Bonaccorso, S, Sodhi, M, Li, J, Bobo, WV, Chen, Y, Tumuklu, M, Theleritis, C, Jayathilake, K, Meltzer, HY
Bipolar disorders. 2015;(5):528-35
Abstract
OBJECTIVES We tested the hypothesis that a common functional variant in brain-derived neurotrophic factor (BDNF), Val66Met, which has been shown to be associated with increased body mass index (BMI) in schizophrenia (SCZ) and schizoaffective disorder (SAD), is also associated with antipsychotic-induced weight gain in bipolar disorder (BPD). Association of Val66Met with other metabolic measures, including high- and low-density cholesterol, triglycerides, total cholesterol, fasting blood glucose, and hemoglobin A1c, was also tested. METHODS This was a 12-month, prospective, randomized trial of two atypical antipsychotic drugs (APDs) with moderate (risperidone) or high (olanzapine) risk to cause weight gain. Subjects were diagnosed as having BPD (n = 90) and SCZ or SAD (n = 76). RESULTS BMI was significantly greater in all diagnoses for Met66 allele carriers at six months (p = 0.01).
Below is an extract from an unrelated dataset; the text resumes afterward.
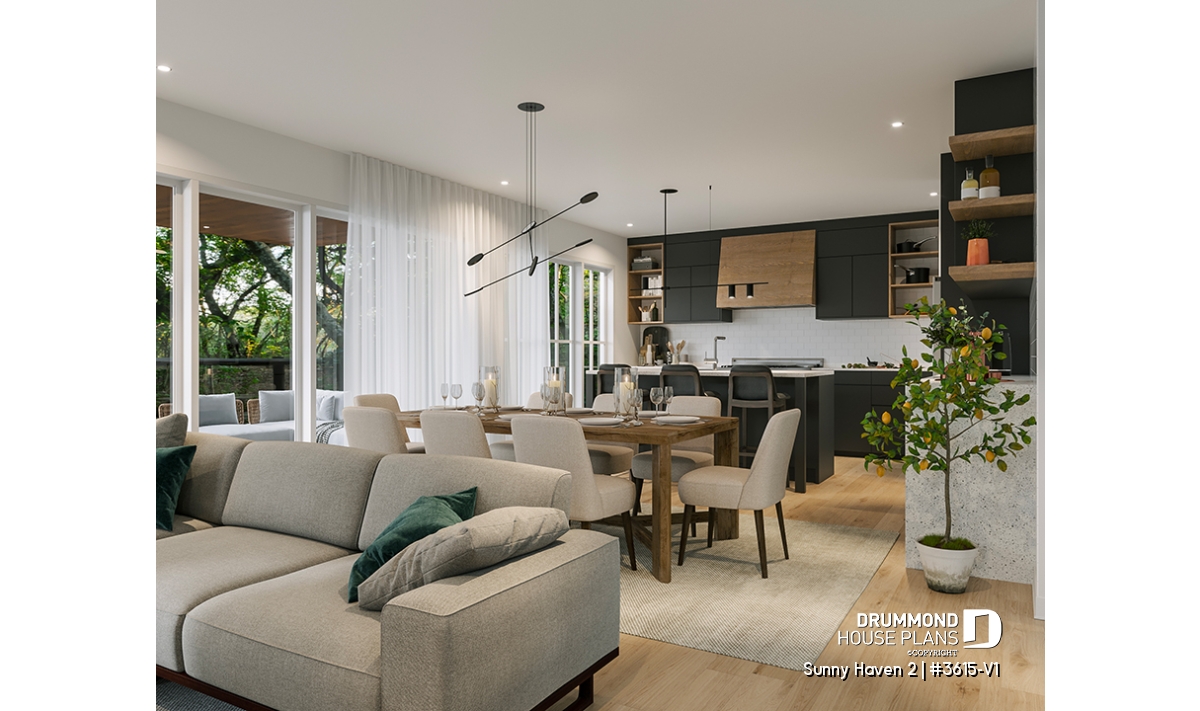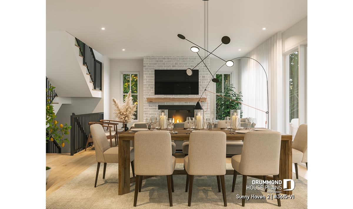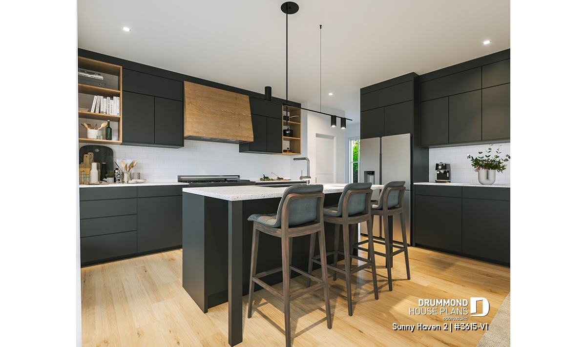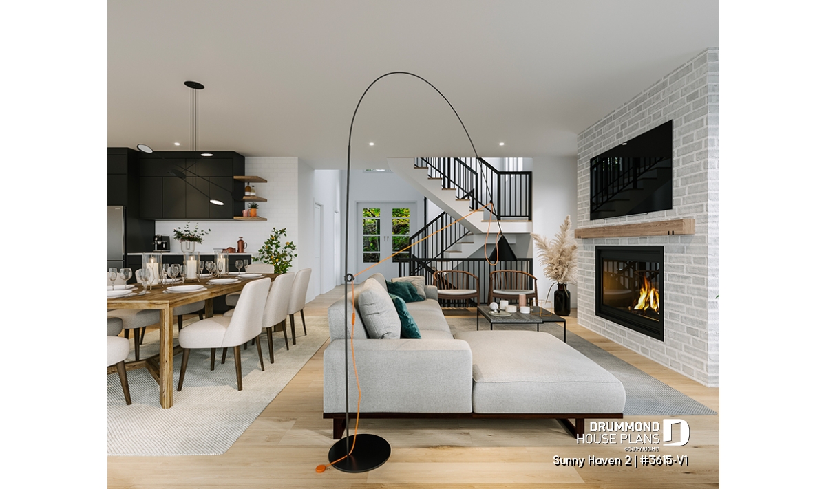 At the heart of Sunny Haven 2 (#3615-V1) lies a bright open-concept living area that brings together the kitchen, dining space, and living room. Designed for connection and flow, this central area benefits from generous windows and a seamless relationship with the outdoor surroundings. The kitchen features a large central island and a walk-in pantry, offering both efficiency and comfort for everyday use. The living room is enhanced by a fireplace, creating a cozy atmosphere ideal for family gatherings and relaxed evenings.

Met66 carriers with BPD showed a greater increase in the triglycerides/high-density (HDL) cholesterol ratio (p = 0.01), a key marker for metabolic syndrome related to insulin resistance, and log-triglycerides (p = 0.04), after three or six months of treatment. Met66 carriers had the greatest increase in log-triglycerides (p = 0.03) and triglycerides/HDL cholesterol ratio after three months of treatment with risperidone (p = 0.003), and the highest BMI at six months (p = 0.01). CONCLUSIONS The positive association of BNDF Val66Met with high BMI values replicates previous findings in patients with SCZ and indicates the BDNF Val66Met genotype as a potential risk factor for obesity and insulin resistance measures in patients with BPD receiving antipsychotics as well.